I don't think there is supposed to be any randomness in computing the persistence diagram of a periodic cubical complex, but it is hard to say without a full example, and I don't know what to look at...
from gudhi-devel.
Hey Marc. Well I only see through the R interface but I don't see any obvious reason why that would be R-specific as I am only calling Python classes and methods. Specifically the unit test setup in R is:
n <- 10
X <- cbind(seq(0, 1, len = n), seq(0, 1, len = n))
cc <- CubicalComplex$new(top_dimensional_cells = X)
cc$compute_persistence()$persistence()
the Python equivalent of which would be probably something like:
import numpy as np
import gudhi as gd
n = 10
X = np.linspace(0, 1, num = n)
X = [X, X]
cc = gd.CubicalComplex(top_dimensional_cells = X)
cc.compute_persistence()
cc.persistence()
Then we would need to test this Python code on the various platforms I mentioned.
from gudhi-devel.
As expected, this prints
[(0, (0.0, inf))]
on linux, whatever the version of python used.
from gudhi-devel.
cc.compute_persistence()
cc.persistence()
By the way, this is redundant, persistence already calls compute_persistence, so this computes it twice.
from gudhi-devel.
As expected, this prints
[(0, (0.0, inf))]
on linux, whatever the version of python used.
Which Python versions did you include in your tests ? 3.8 to 3.10 ?

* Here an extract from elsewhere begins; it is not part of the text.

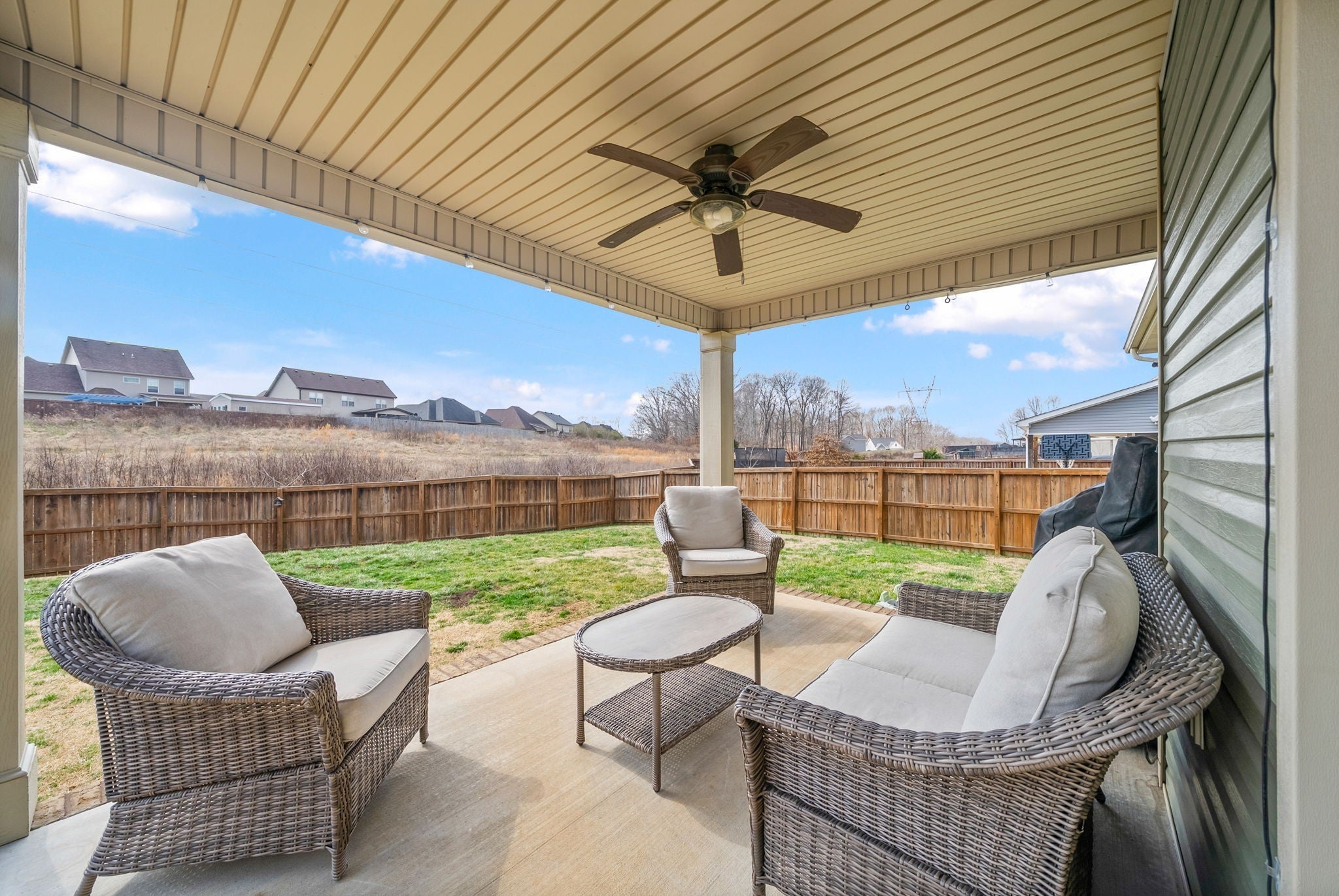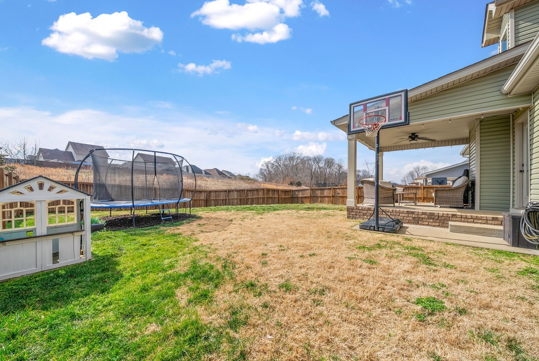 Welcome to 349 Rye Dr in the desirable Bentley Meadows subdivision. This well-designed home offers an open and spacious floor plan with the owner’s suite conveniently located on the main level. The main living areas feature beautiful wood flooring, with tile in the wet areas and comfortable carpet in the bedrooms and bonus space. The home includes a separate formal dining room, perfect for hosting family dinners or special gatherings. Upstairs provides additional spacious living areas ideal for recreation, hobbies, or guests. Step outside to enjoy a privacy-fenced backyard with a covered patio and outdoor ceiling fan—perfect for relaxing or entertaining guests of all ages. Located in a neighborhood with sidewalks and underground utilities, this home combines comfort, functionality, and community charm.

which Linux distribution ? The problem seems to be specific to Ubuntu 20.04.
from gudhi-devel.
Ok there is actually no issues with the cubical complex, only with the periodic cc.
When I do:
cc = gd.PeriodicCubicalComplex(top_dimensional_cells = X, periodic_dimensions = True)
cc.persistence()
I get on most systems a diagram with points for dimension 0 and 1 but on Ubuntu 20.04 for some Python and R versions, I get something in dimension 2 as well so that .persistence()
, .betti_numbers()
, .num_simplices(),
.persistent_betti_numbers()and
.cofaces_of_persistence_pairs()` does not return the expected value.
from gudhi-devel.
cc = gd.PeriodicCubicalComplex(top_dimensional_cells = X, periodic_dimensions = True)
periodic_dimensions
is supposed to be a vector<bool>
. If you pass True, I don't know, maybe it converts True to 1, constructs a vector of size 1, and accessing the second element is then undefined behavior...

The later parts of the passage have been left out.